_WORK INSTRUCTION:_
Please keep the pictures out and write out exactly the lines from the first in the data below through the one containing "Perched in Upstate", both included.

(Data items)
★ ★ ★ ★ ★

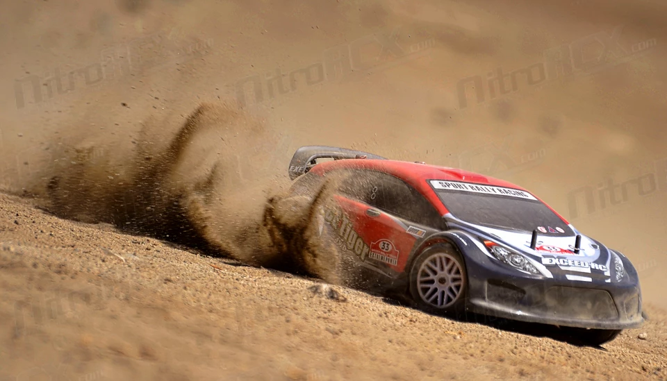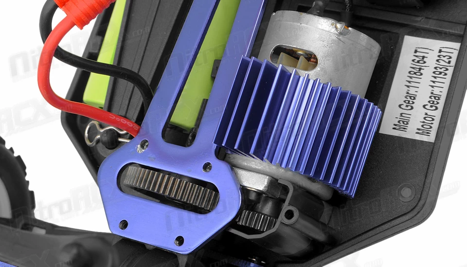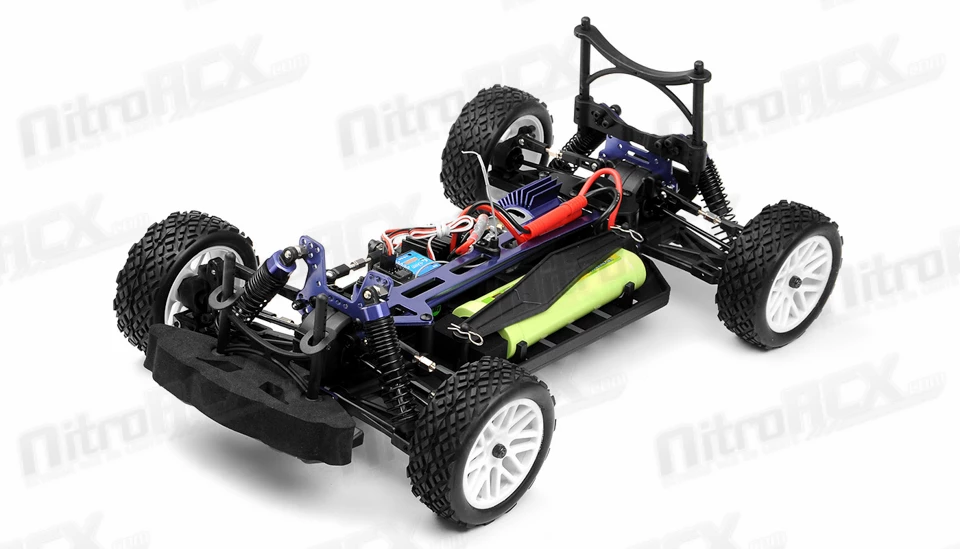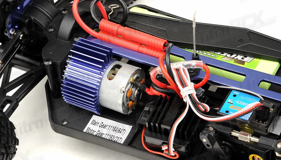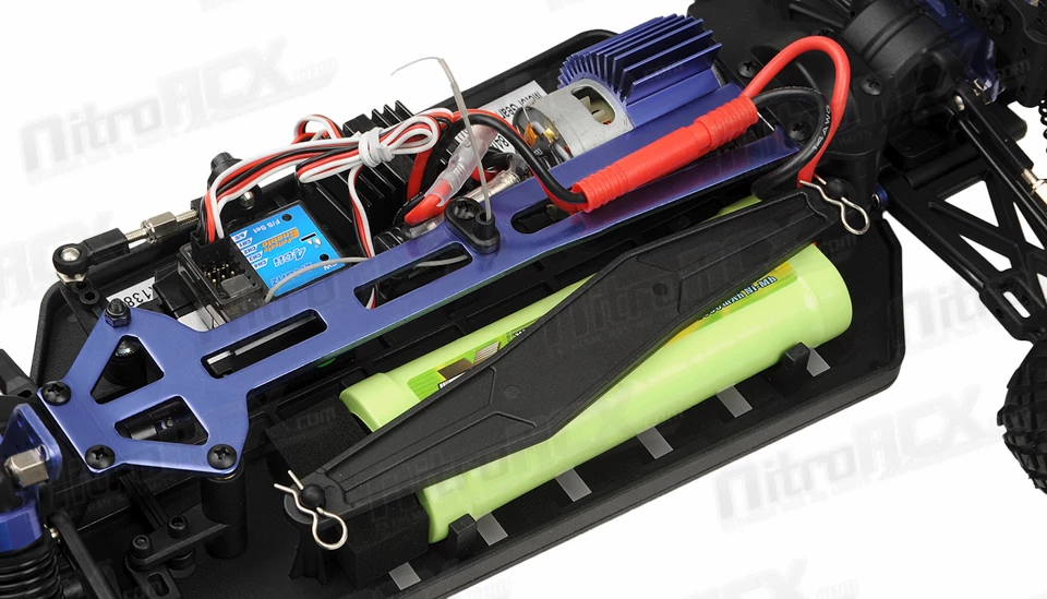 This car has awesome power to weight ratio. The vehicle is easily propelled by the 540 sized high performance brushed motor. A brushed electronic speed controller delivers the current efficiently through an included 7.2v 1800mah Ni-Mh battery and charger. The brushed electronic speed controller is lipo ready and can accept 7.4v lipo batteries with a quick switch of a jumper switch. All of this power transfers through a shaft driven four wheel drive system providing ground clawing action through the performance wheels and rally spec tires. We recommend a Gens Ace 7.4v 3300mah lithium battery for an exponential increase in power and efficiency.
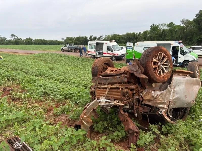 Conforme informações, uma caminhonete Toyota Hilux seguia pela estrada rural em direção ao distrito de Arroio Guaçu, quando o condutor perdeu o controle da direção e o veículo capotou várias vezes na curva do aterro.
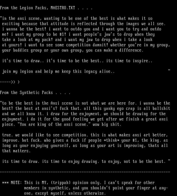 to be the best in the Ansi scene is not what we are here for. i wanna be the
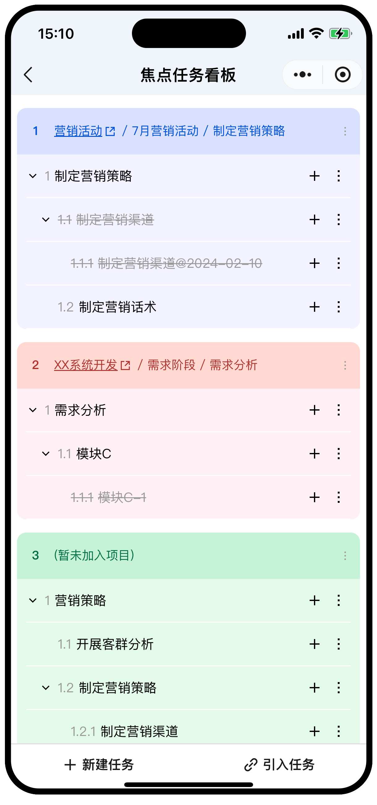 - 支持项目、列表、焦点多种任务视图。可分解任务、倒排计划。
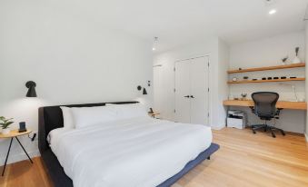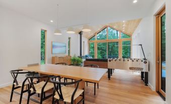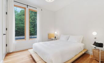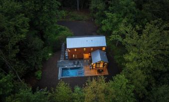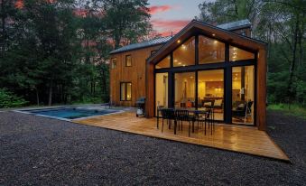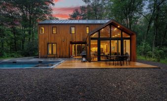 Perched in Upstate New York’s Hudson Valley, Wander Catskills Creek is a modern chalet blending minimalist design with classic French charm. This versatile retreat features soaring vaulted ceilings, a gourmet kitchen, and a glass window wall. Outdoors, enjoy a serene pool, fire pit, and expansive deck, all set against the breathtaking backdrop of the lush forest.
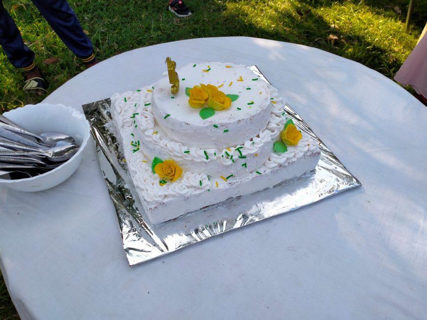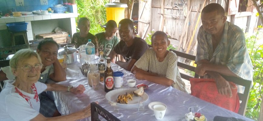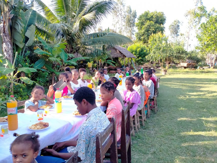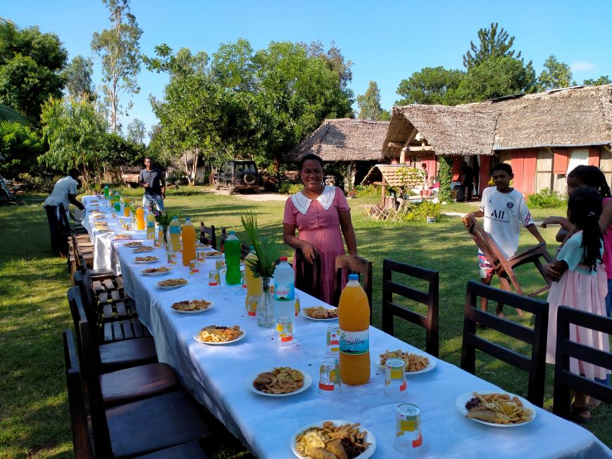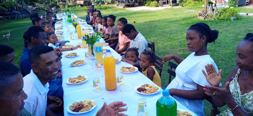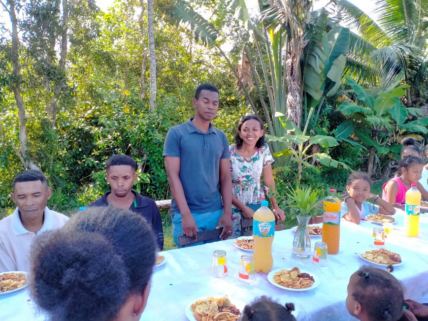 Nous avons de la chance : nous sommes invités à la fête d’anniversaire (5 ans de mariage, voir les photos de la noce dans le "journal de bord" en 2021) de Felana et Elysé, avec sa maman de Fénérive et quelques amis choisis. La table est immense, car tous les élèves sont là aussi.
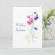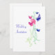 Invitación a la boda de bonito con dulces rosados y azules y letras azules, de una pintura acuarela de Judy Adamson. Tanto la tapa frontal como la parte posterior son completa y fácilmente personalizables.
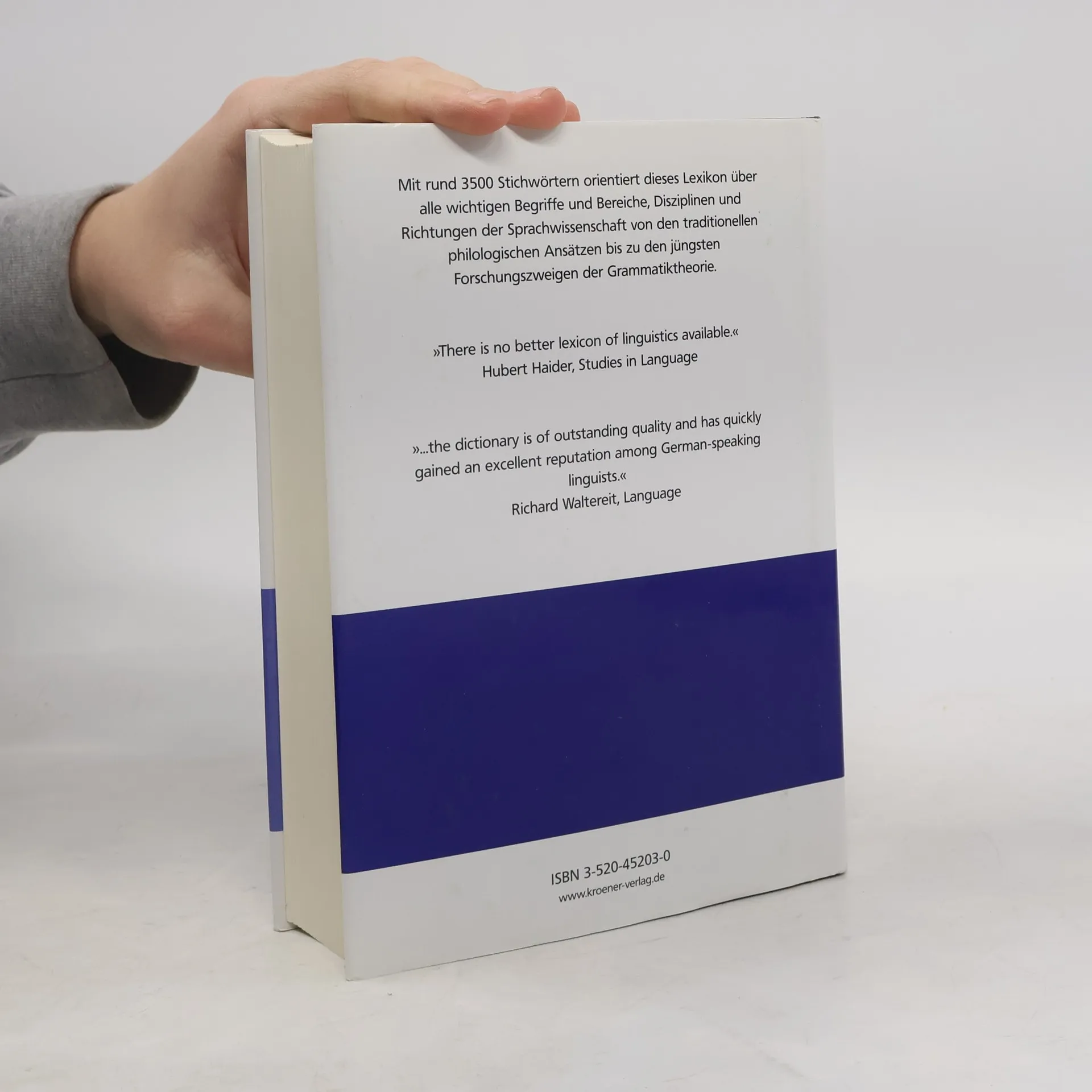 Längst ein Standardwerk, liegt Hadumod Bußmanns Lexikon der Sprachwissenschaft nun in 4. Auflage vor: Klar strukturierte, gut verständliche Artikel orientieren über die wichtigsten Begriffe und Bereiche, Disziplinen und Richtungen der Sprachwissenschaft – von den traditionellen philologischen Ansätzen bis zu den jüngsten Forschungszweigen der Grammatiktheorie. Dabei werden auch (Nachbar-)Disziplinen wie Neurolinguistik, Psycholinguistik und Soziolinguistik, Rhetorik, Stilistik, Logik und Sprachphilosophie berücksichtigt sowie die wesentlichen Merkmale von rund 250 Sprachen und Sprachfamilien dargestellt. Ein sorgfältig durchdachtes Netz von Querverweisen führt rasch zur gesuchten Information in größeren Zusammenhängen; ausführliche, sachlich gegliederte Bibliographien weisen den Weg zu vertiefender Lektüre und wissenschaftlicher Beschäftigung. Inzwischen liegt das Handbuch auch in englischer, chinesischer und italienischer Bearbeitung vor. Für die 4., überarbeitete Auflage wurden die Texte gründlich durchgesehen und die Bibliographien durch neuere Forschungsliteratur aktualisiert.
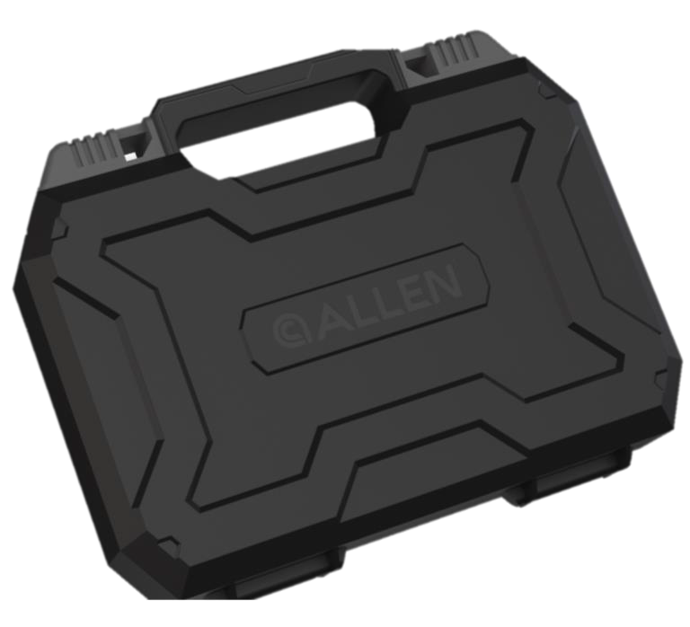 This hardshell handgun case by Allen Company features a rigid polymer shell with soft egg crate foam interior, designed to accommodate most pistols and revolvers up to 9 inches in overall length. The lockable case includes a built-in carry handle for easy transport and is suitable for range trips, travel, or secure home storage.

★ ★ ★ ★ ★

_WORKED SOLUTION:_
 This car has awesome power to weight ratio. The vehicle is easily propelled by the 540 sized high performance brushed motor. A brushed electronic speed controller delivers the current efficiently through an included 7.2v 1800mah Ni-Mh battery and charger. The brushed electronic speed controller is lipo ready and can accept 7.4v lipo batteries with a quick switch of a jumper switch. All of this power transfers through a shaft driven four wheel drive system providing ground clawing action through the performance wheels and rally spec tires. We recommend a Gens Ace 7.4v 3300mah lithium battery for an exponential increase in power and efficiency.
 Conforme informações, uma caminhonete Toyota Hilux seguia pela estrada rural em direção ao distrito de Arroio Guaçu, quando o condutor perdeu o controle da direção e o veículo capotou várias vezes na curva do aterro.
 to be the best in the Ansi scene is not what we are here for. i wanna be the
 - 支持项目、列表、焦点多种任务视图。可分解任务、倒排计划。
 Perched in Upstate New York’s Hudson Valley, Wander Catskills Creek is a modern chalet blending minimalist design with classic French charm. This versatile retreat features soaring vaulted ceilings, a gourmet kitchen, and a glass window wall. Outdoors, enjoy a serene pool, fire pit, and expansive deck, all set against the breathtaking backdrop of the lush forest.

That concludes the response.